[[ Excerpted data open ]]

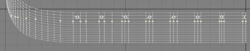 21. Now to a real pain in the butt. In the combined layer 5, select every point as I show in the illustration. As you probably noticed already, I neglected to pick the intermediate points that appear in two of the edge segments for a reason. Firstly, I have no intention to affix the oar-port liners to the hull, to not cause new stress areas. Secondly, I intend to only create half of each liner and then mirror it. Now, that's just a suggestion. Read on and you may decide to rather connect all of the points with polygons, one at a tine. That way no final adjustment of the mirrored portion is necessary. Your call.
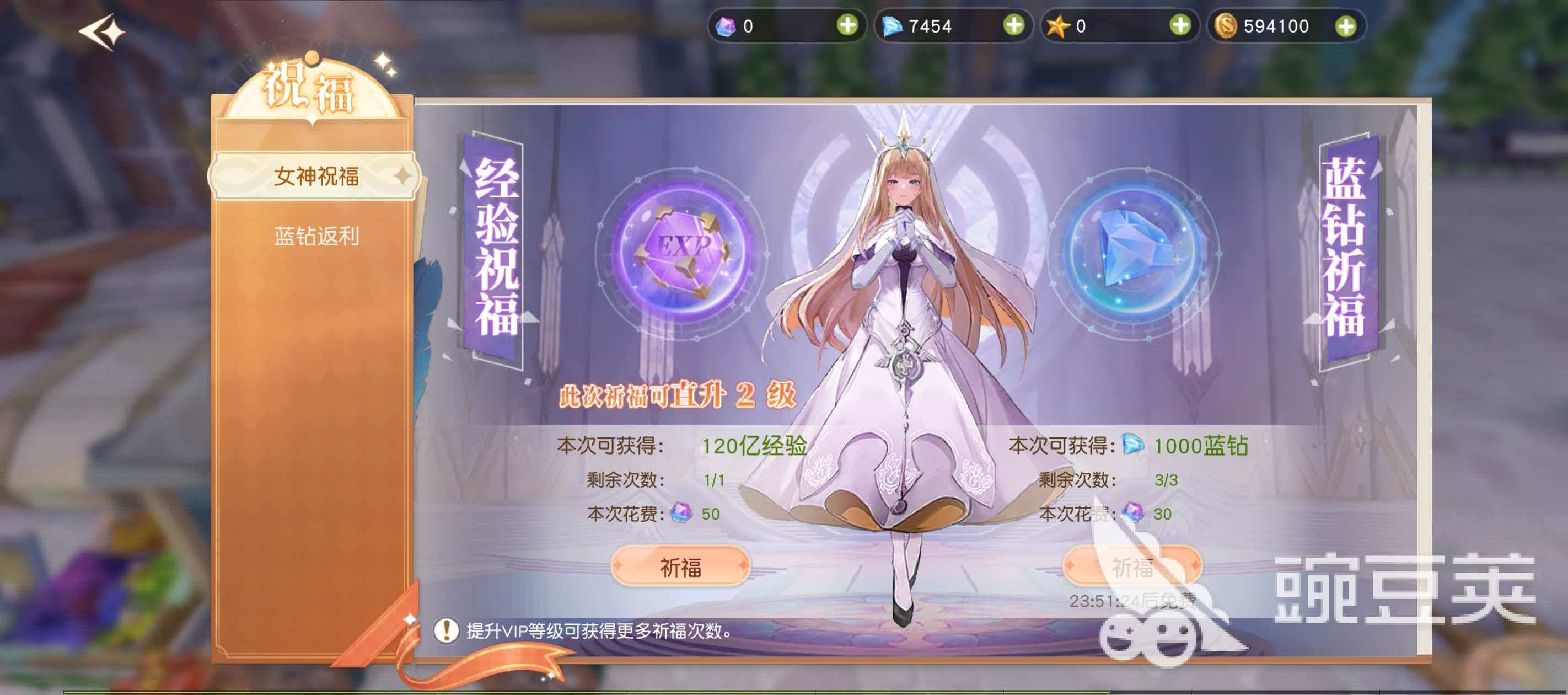 星神纪元中并没有天使祝福这个玩法,在这里只有女神祝福玩法,玩家登录星神纪元游戏界面以后,会在右上角的活动商城等众多标识中看到女神祝福的标识,打开这个标识就会进入到祝福界面,女神祝福界面中有两种祈福的方式,分别是免费祈福河使用彩钻祈福,免费祈福和彩钻祈福每天都只能进行1次,免费祈福可以获得1000个蓝钻,彩钻祈福则可以让本次祈福直升2级,也就说玩家在彩钻祈福中所获得的经验足足有120亿,需要花费的彩钻数量为50彩钻。
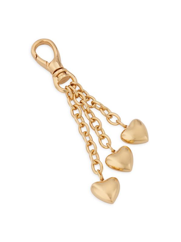 صُنع سحر حقيبة Puffy Heart من Roxanne Assoulin من المعدن اللامع باللون الذهبي مع ثلاثة قلوب متصلة بمشبك لتزيين حزام الحقيبة أو الأجهزة.
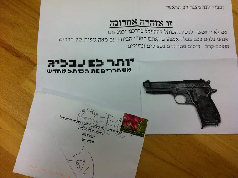 בלשכות הרבנים הראשיים לישראל, הרב יונה מצגר והרב שלמה עמאר התקבלו הבוקר (ב') מכתבים זהים ובהם תמונת אקדח והכיתוב "זו אזהרה אחרונה".
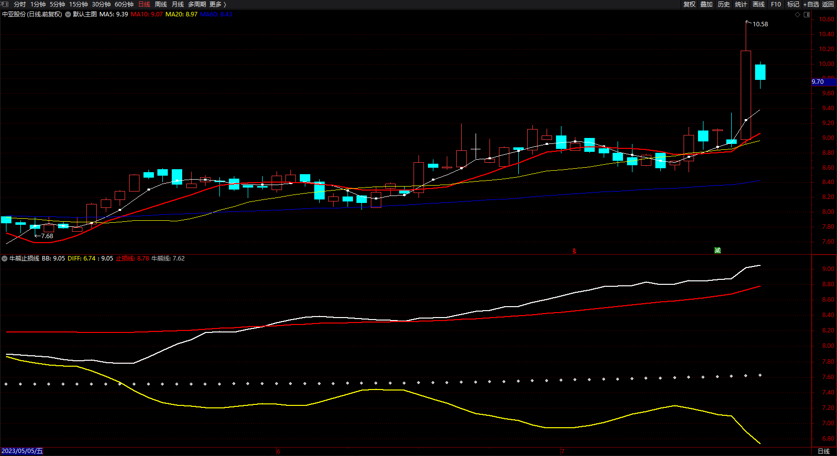 强势宰牛 通达信牛熊止损线提示买卖点指标公式 副图 源码
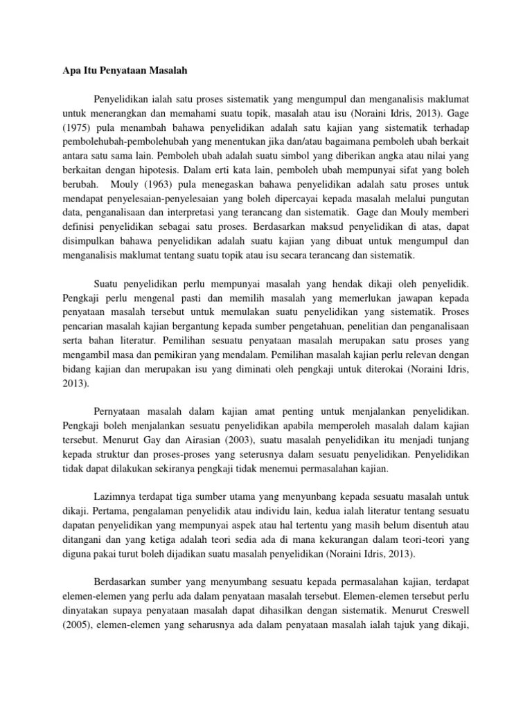 Contoh pernyataan masalah dalam kajian penyelidikan cute766. Bahagian pernyataan masalah statement of the problem. Pernyataan masalah adalah esei ringkas yang biasanya memperkenalkan laporan. Wan mohd khairul firdaus wan khairuldin.
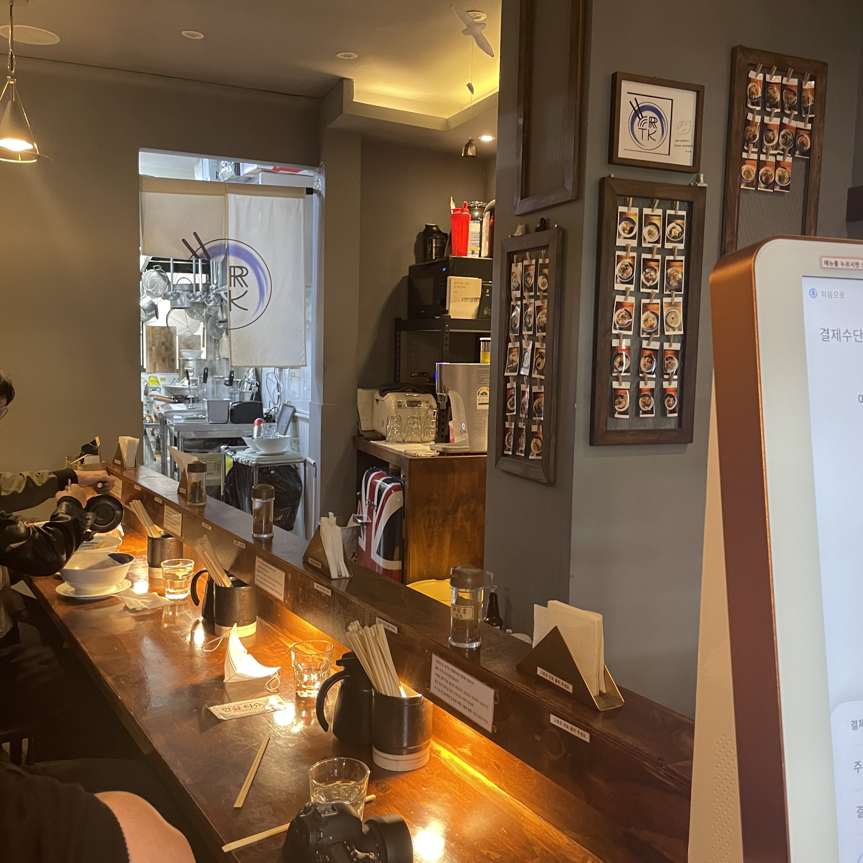 문을 열고 들어가면 바로 앞에 라멘을 주문할 수 있는 키오스크가 있고 2인 3팀정도 받을 수 있는 ㄱ자 형식의 테이블이 있어요
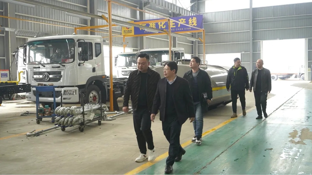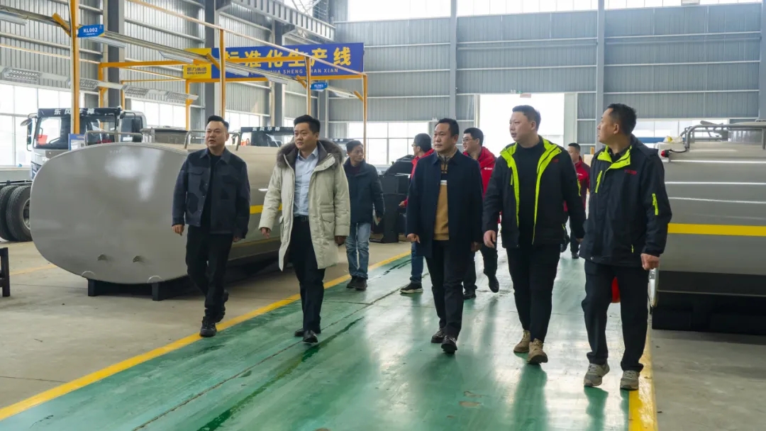 湖北省十堰市茅箭區(qū)區(qū)委常委吳杰鵬一行領(lǐng)導(dǎo)蒞臨凱力汽車集團(tuán)參觀考察,深入了解凱力汽車集團(tuán)的智能化制造實(shí)力。
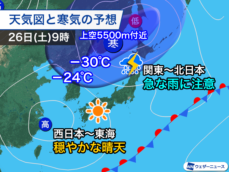 関東は寒気が南下することで、シアーライン(風の流れが変化する境界線)付近で雲が発達し、にわか雨の可能性があります。
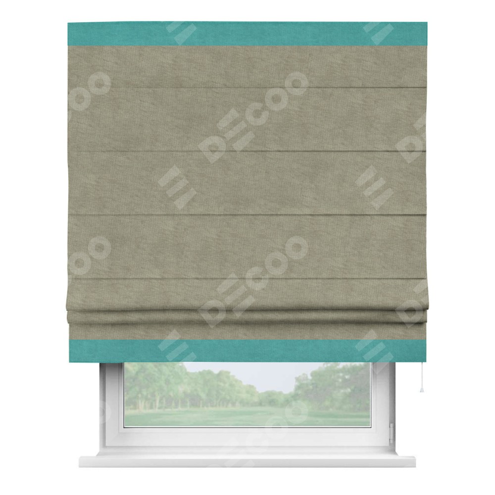 Римская штора производителя «Cortin», используется для проёма, пошита из ткани канвас капучино, артикул ткани v-211. Отделка шторы кантом «Горизонт» (бирюзовый v-1048), ткань для канта используется из канваса разной расцветки на выбор. Имеет универсальный механизм и подходит для монтажа: на потолок, на стену и в нишу.
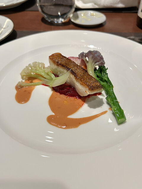 岩手アイナメ ビーツ(アイナメの皮目を炙り身は余熱で ビーツ千切りを添えて ビーツのソースで もものすけというカブとブロッコリーニと2種の カリフローネ)
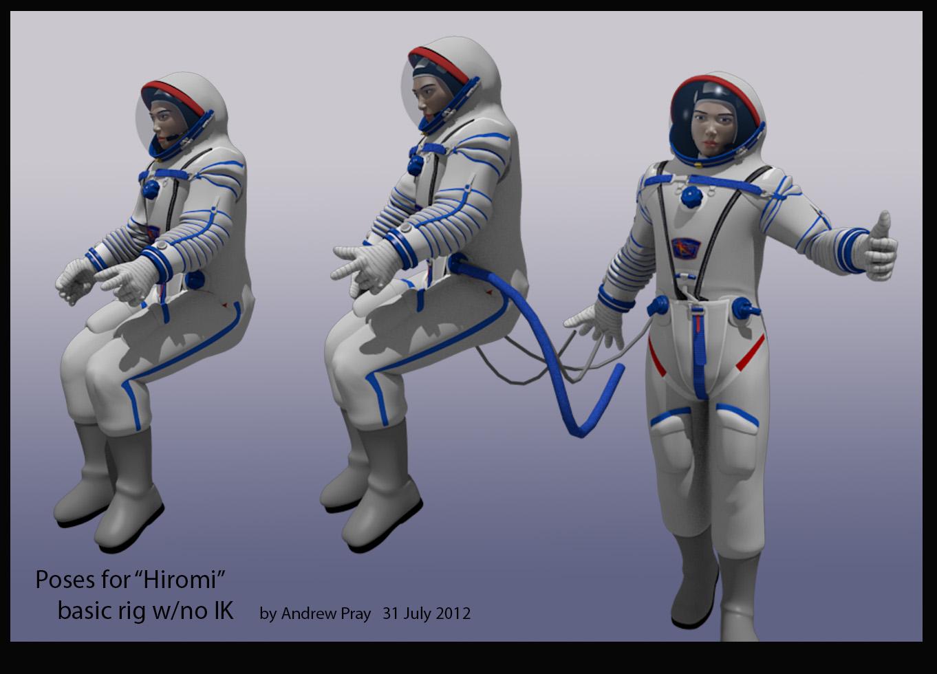 Andrew Pray’s version of Hiromi, created in 2012. We kept the spacesuit, but the model of Hiromi herself was replaced later.

[[ Excerpted data closed ]]

◆ What the task requires:
Write out again exactly the lines above from the one with "星神纪元中并没有天使祝福这个" through the one with "强势宰牛 通达信牛熊止损线提示买卖点指标公式 副图 源码", adding no other lines and no pictures.

◆ Your solution:
 星神纪元中并没有天使祝福这个玩法,在这里只有女神祝福玩法,玩家登录星神纪元游戏界面以后,会在右上角的活动商城等众多标识中看到女神祝福的标识,打开这个标识就会进入到祝福界面,女神祝福界面中有两种祈福的方式,分别是免费祈福河使用彩钻祈福,免费祈福和彩钻祈福每天都只能进行1次,免费祈福可以获得1000个蓝钻,彩钻祈福则可以让本次祈福直升2级,也就说玩家在彩钻祈福中所获得的经验足足有120亿,需要花费的彩钻数量为50彩钻。
 صُنع سحر حقيبة Puffy Heart من Roxanne Assoulin من المعدن اللامع باللون الذهبي مع ثلاثة قلوب متصلة بمشبك لتزيين حزام الحقيبة أو الأجهزة.
 בלשכות הרבנים הראשיים לישראל, הרב יונה מצגר והרב שלמה עמאר התקבלו הבוקר (ב') מכתבים זהים ובהם תמונת אקדח והכיתוב "זו אזהרה אחרונה".
 强势宰牛 通达信牛熊止损线提示买卖点指标公式 副图 源码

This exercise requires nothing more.